[Collected data]

--

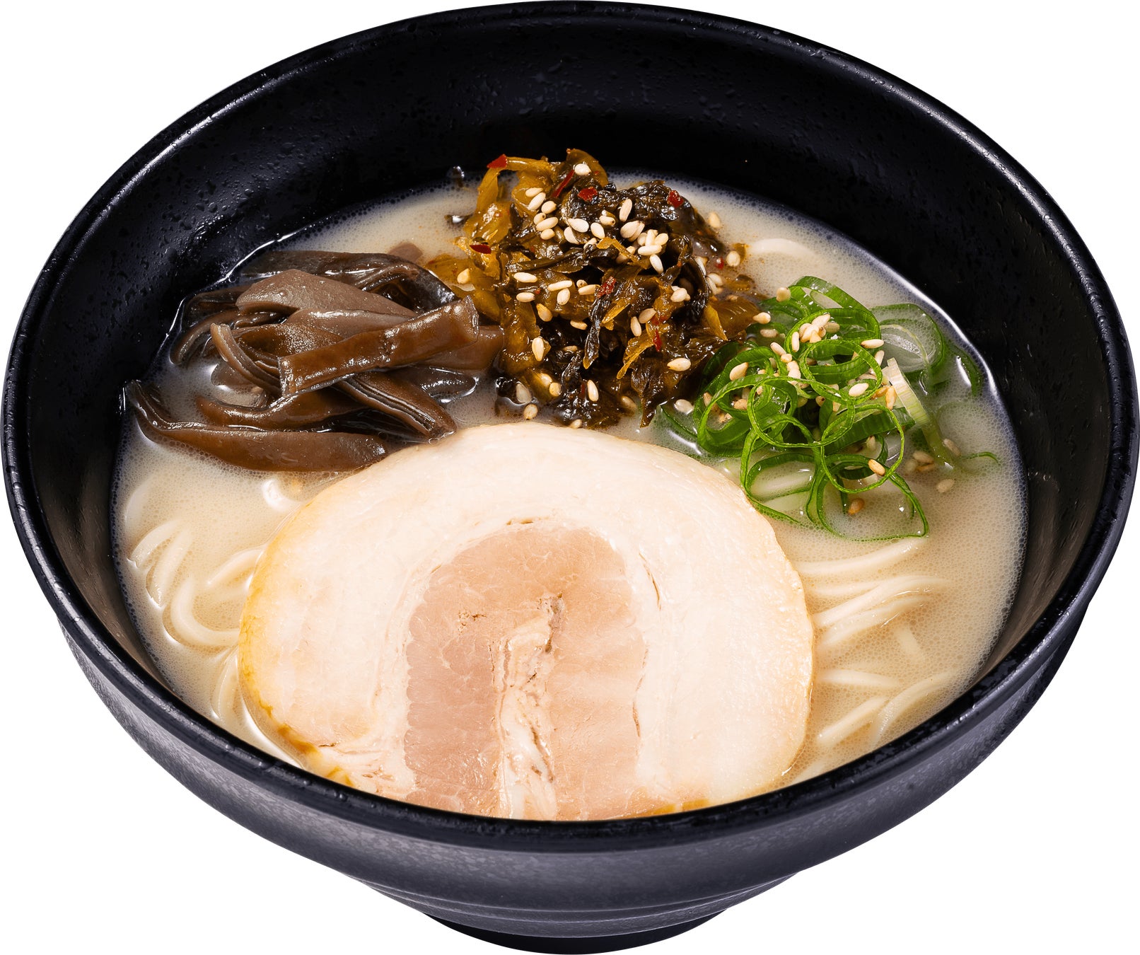 豚骨ラーメンならではの、きくらげ・辛子高菜・チャーシューをご用意しました。
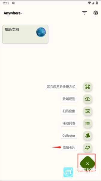 3、云备份:Anywhere-支持使用WebDAV协议备份数据。前往设置–备份和恢复页面来设置云备份账号。以坚果云为例,WebDAV域名一栏填写。https : /ldav.jianguoyun . com/davl , WebDAV用户名一栏填写你的用户名,WebDAV密码一栏则根据服务提供商的要求填写。例如坚果云需要在设置中申请应用密码并填写。当一切数据都填写正确后,点击立即备份即可立即触发备份。您也可以开启自动备份,应用将在卡片有任何改动的情况下,在应用返回退出或者在强行退出应用后下次一重启时自动备份数据。
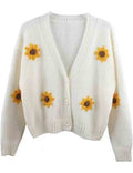 Ladies V-Neck Sunflower Pattern Button Knit Cardigan
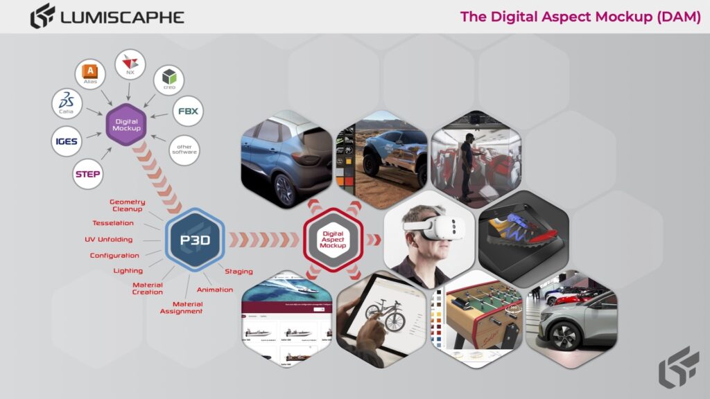 Lumiscaphe focuses on optimizing digital industrial processes through automation, customized process design and high-performance 3D software. Our solutions easily integrate 3D data and CAD tools into a 3D Digital Backbone that simplifies workflows for product visualization, design and marketing in industrial environments.
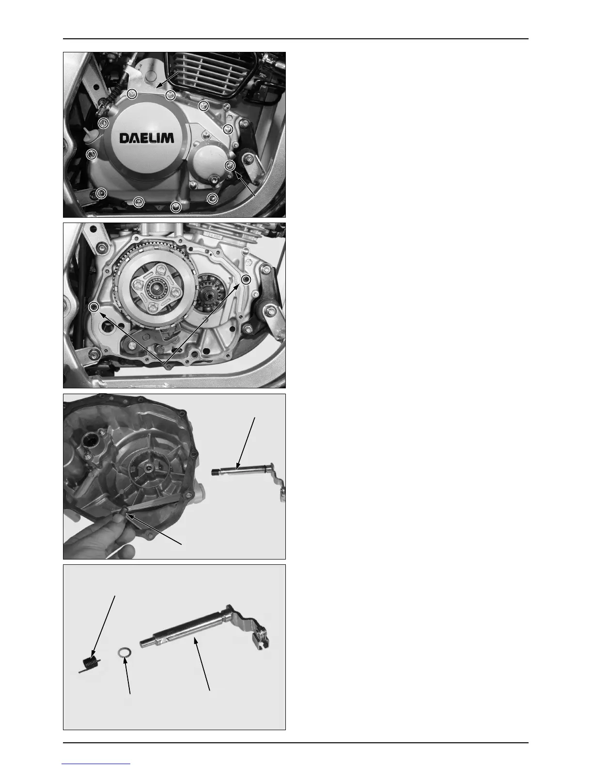 ● Remove the clutch lever and spring from the R.

--

• _Your goal_: An exact copy is needed of the lines running from the one with "Lumiscaphe focuses on" through the end of the data above, and of those lines only, without pictures.

• _Response area_:
 Lumiscaphe focuses on optimizing digital industrial processes through automation, customized process design and high-performance 3D software. Our solutions easily integrate 3D data and CAD tools into a 3D Digital Backbone that simplifies workflows for product visualization, design and marketing in industrial environments.
 ● Remove the clutch lever and spring from the R.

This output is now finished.